Vestibular neurectomy is an oto neurological procedure, which can dramatically cure patients with severe disabling vertigo. The surgery consists of sectioning the vestibular nerve from the vestibular apparatus, while leaving the auditory nerve intact, thereby preserving hearing. Role of such operation to relief tinnitus is still an issue of debate, analysis of 18 publications mentioning tinnitus status after vestibular neurectomy in total of 1,318 patients revealed that tinnitus improved in 6-61 % of patients , worsened in 0-60% of patients and still the same without any change in 17-27%. So, vestibular neurectomy does not worsen tinnitus but it may help.
It is clear now that patients with MD will develop bilateral profound sensory neural hearing loss because natural progression of disease , it was emphasized that about 1-6% of patients will go through that, so that give the opportunity for considering cochlear implantation in these patients and that make standard CI criteria applicable in cases with bilateral hearing loss. On basis of review and analysis, it is obvious that CIs don’t appear to have any negative effect on aural fullness and tinnitus encountered by patient with MD. It is now clear that CI can change the neural activity caused by lack of input to auditory system and that alteration can address changes of neural plasticity which is responsible for tinnitus. Amoodi et al  reported that CI exerted a significant suppressive effect on tinnitus in 66% of their population [including 7 patients with deafness attributed to MD]. Mick et al  reviewing 20 patients with MD who underwent CI, showed a significant improvement in tinnitus, as determined from the Tinnitus Handicap Inventory.
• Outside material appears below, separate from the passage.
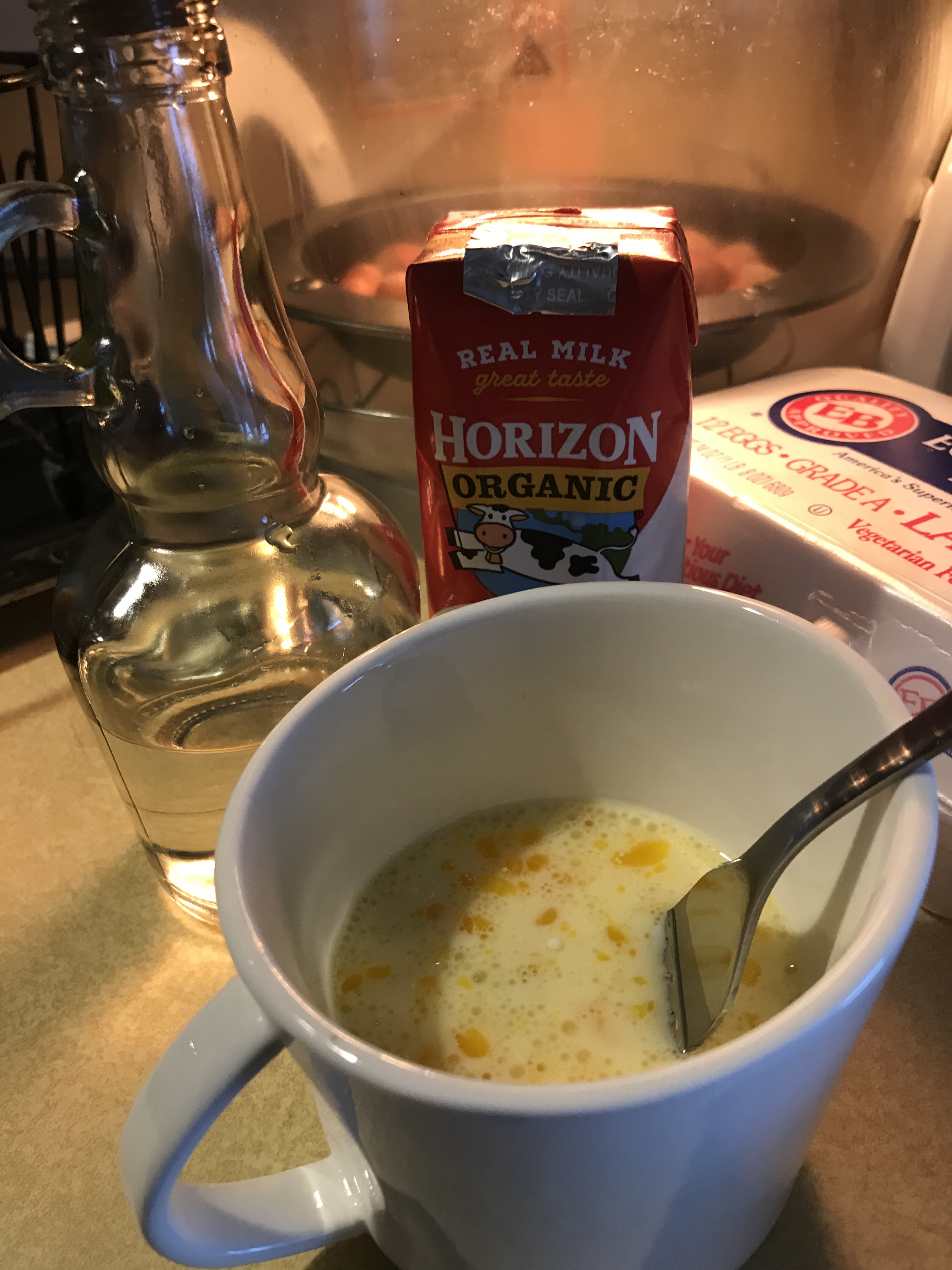 - Combine liquid items first–one egg, milk, oil and mix well.

McRackan et al  reported that most patients with active symptoms at the time of CI surgery showed improvement in their symptoms postoperatively. Hansen et al  reported a study of CI surgery on 10 patients who had unilateral sensory neural hearing loss due to MD and found that patients had complete resolution of their vertigo attacks and were regarded as class A, and in addition to improved speech perception in the implanted ear, most patients reported subjective improvement in tinnitus.
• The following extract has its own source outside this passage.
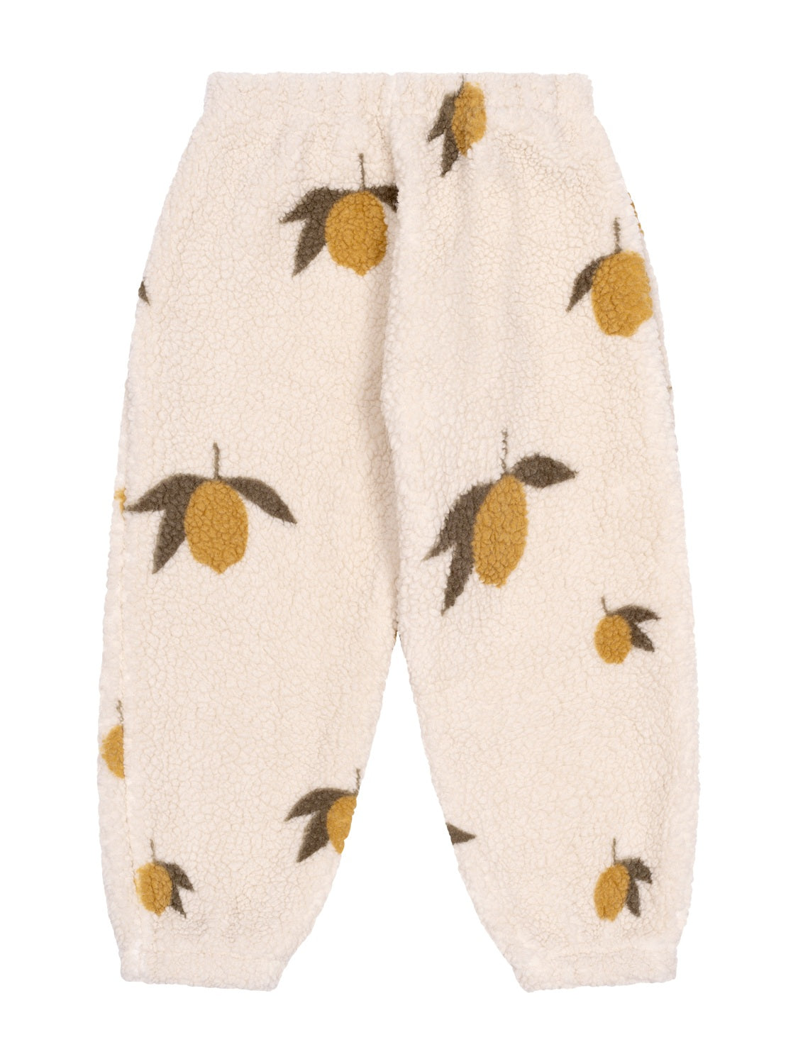 Die extra warme Fleece-Hose Jody von Konges Sløjd besticht mit einem süßen Allover-Zitronen-Motiv und ist ein Must-have für die kühle Saison. Dank des komfortablen Gummibundes bietet das Modell ein angenehmes Tragegefühl. Hergestellt wird der kuschelweiche Teddyfleece aus recyceltem Polyester.

Tinnitus is one of the important symptoms of MD. Although many studies focus, tinnitus can often be a very distressing symptom, and can often persist after the other MD symptoms improve. At present, there is no approved pharmaceutical or surgical treatment for tinnitus but understanding MD as a possible tinnitus subtype Tyler et al.  may unveil an important opportunity to study further tinnitus treatment strategies, such as betahistine, oxytocin and cochlear implants.